▶ **Your objective**
Among the entries below, only the lines from the one with "[Architecture mauresque]. GIRAULT" through the one with "Torebka zosta艂a uszyta" are wanted, reproduced exactly. Pictures are not wanted.

▶ **Records supplied**
————

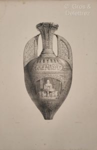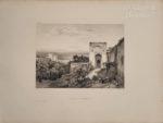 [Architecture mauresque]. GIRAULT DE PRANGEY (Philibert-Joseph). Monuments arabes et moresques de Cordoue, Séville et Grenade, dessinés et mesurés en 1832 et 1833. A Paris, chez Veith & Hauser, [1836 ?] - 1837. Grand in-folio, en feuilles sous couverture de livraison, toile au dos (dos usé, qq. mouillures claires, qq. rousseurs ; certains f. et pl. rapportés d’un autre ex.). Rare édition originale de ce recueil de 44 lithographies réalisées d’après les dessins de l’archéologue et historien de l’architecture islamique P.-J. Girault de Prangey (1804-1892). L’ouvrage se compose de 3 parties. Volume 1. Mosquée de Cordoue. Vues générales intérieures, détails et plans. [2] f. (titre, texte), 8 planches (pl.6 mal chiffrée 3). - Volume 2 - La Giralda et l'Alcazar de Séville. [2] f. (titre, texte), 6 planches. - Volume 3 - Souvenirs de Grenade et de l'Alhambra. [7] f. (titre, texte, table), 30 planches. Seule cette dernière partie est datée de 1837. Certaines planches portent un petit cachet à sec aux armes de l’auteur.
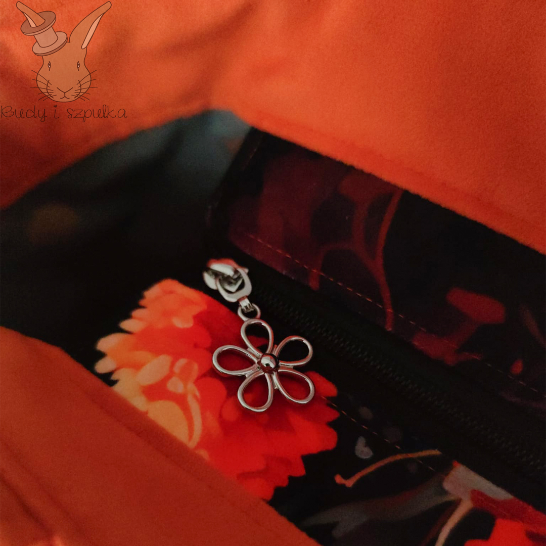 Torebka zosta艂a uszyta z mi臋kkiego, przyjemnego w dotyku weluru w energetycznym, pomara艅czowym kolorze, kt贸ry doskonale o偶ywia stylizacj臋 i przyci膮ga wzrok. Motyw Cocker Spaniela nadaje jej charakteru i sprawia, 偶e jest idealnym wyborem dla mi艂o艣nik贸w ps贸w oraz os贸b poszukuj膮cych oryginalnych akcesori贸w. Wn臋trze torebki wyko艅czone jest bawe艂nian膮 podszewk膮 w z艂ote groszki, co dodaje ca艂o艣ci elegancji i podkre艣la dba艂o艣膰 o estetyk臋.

————

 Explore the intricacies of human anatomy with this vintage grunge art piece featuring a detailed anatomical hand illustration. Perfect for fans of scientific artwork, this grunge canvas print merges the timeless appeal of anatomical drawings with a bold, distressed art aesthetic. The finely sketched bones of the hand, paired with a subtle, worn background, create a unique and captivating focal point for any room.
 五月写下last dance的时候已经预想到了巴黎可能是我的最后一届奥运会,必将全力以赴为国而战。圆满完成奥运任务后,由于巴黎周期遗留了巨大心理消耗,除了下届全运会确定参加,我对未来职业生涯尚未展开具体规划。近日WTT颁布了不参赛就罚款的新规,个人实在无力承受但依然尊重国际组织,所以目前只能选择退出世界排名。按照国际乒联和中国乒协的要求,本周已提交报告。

————

▶ **Written response**
 [Architecture mauresque]. GIRAULT DE PRANGEY (Philibert-Joseph). Monuments arabes et moresques de Cordoue, Séville et Grenade, dessinés et mesurés en 1832 et 1833. A Paris, chez Veith & Hauser, [1836 ?] - 1837. Grand in-folio, en feuilles sous couverture de livraison, toile au dos (dos usé, qq. mouillures claires, qq. rousseurs ; certains f. et pl. rapportés d’un autre ex.). Rare édition originale de ce recueil de 44 lithographies réalisées d’après les dessins de l’archéologue et historien de l’architecture islamique P.-J. Girault de Prangey (1804-1892). L’ouvrage se compose de 3 parties. Volume 1. Mosquée de Cordoue. Vues générales intérieures, détails et plans. [2] f. (titre, texte), 8 planches (pl.6 mal chiffrée 3). - Volume 2 - La Giralda et l'Alcazar de Séville. [2] f. (titre, texte), 6 planches. - Volume 3 - Souvenirs de Grenade et de l'Alhambra. [7] f. (titre, texte, table), 30 planches. Seule cette dernière partie est datée de 1837. Certaines planches portent un petit cachet à sec aux armes de l’auteur.
 Torebka zosta艂a uszyta z mi臋kkiego, przyjemnego w dotyku weluru w energetycznym, pomara艅czowym kolorze, kt贸ry doskonale o偶ywia stylizacj臋 i przyci膮ga wzrok. Motyw Cocker Spaniela nadaje jej charakteru i sprawia, 偶e jest idealnym wyborem dla mi艂o艣nik贸w ps贸w oraz os贸b poszukuj膮cych oryginalnych akcesori贸w. Wn臋trze torebki wyko艅czone jest bawe艂nian膮 podszewk膮 w z艂ote groszki, co dodaje ca艂o艣ci elegancji i podkre艣la dba艂o艣膰 o estetyk臋.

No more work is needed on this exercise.